A number of research organisations are currently evaluating the processes to recover these strategic elements from coal combustion wastes. As part of these investigations it is necessary to consider the environmental risks associated with developing this resource. Additional research is needed to identify environmentally sustainable solutions for processing strategic elements from coal ash.

Limited existing information is currently available to characterise the strategic element composition of existing coal ash storage facilities. Further efforts should be initiated to survey and identify the coal ash deposits that are economically viable for metal recovery.

Furthermore, coal combustion waste deposits that are identified as being potentially economically viable should undergo a full chemical characterisation to determine which contaminants may require specialised waste handling measures.
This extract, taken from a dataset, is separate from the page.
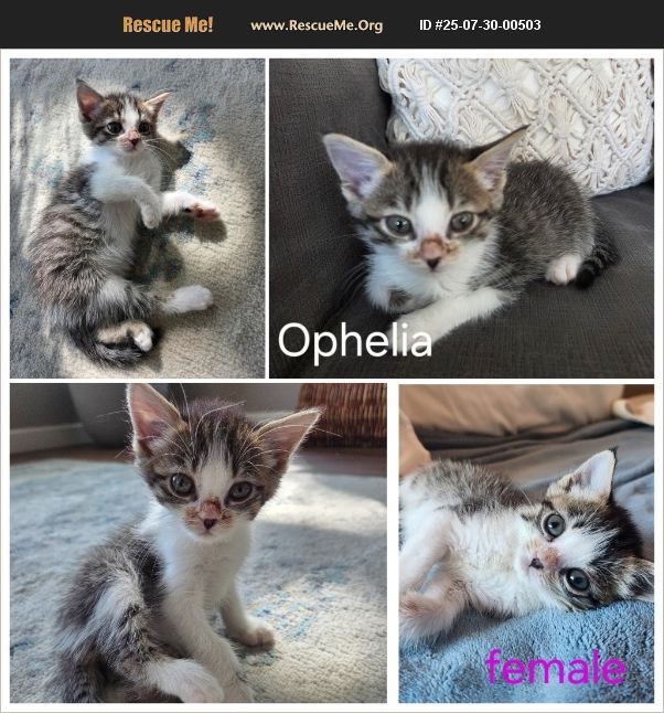 Looking for a tiny companion with a huge heart? Meet Ophelia, the calmest little cuddle bug you'll ever meet. With a gentle soul and a love for snuggling, she's the kind of kitten who prefers your lap to just about anywhere else. Soft, serene, and oh-so-sweet, Ophelia is the perfect match for anyone seeking a quiet best friend to curl up with. And don't let that little smudge on her nose fool you. It's not dirt, it's her signature style. Ophelia isn't messy, she's fashion-forward. Expected to stay on the petite side, she'll bring a delicate charm to any home. Whether you're watching TV, reading a book, or just sitting still, she'll be right there, purring softly and soaking in the love. She will be available for adoption on August 11, around 10 weeks old. She'll come vaccinated, boosted, spayed, and microchipped, all thanks to Kim's Kritters Rescue. This little lap queen is waiting for her forever home!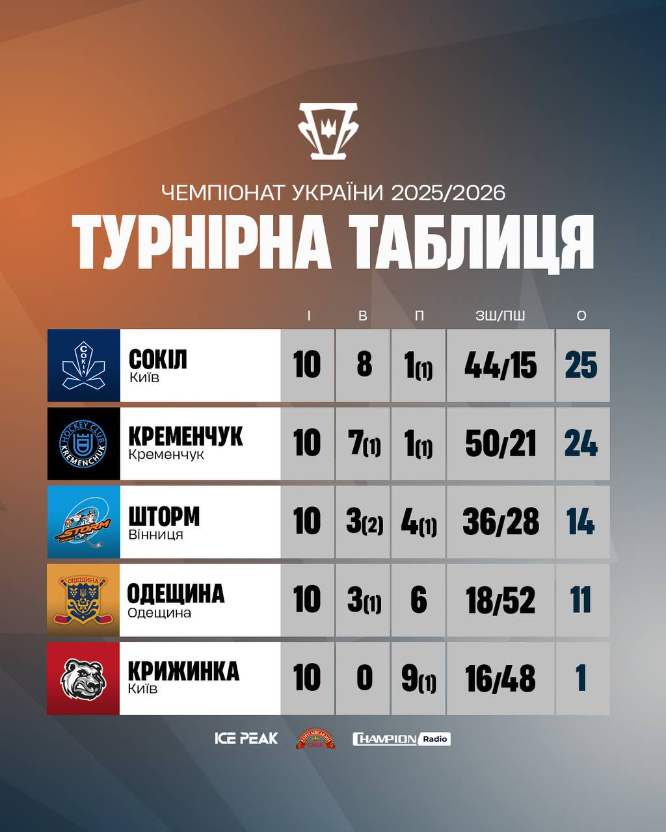 Прямо зараз таблиця ЧУ з хокею виглядає так:

This characterisation can be used as one metric to prioritise those resources that have minimal concentrations of hazardous substances that require treatment and disposal.

Further research and development is also required to optimise the metal recovery and extraction process to minimse the use (or maximise recycling) of hazardous acids and solvents.

Public health and environmental risks from contaminants generated by coal ash processing should also be undertaken. Specifically, additional data gathering on the toxicological effects from exposure to strategic metals or the chemicals used in their production would allow for informed development of safety recommendations.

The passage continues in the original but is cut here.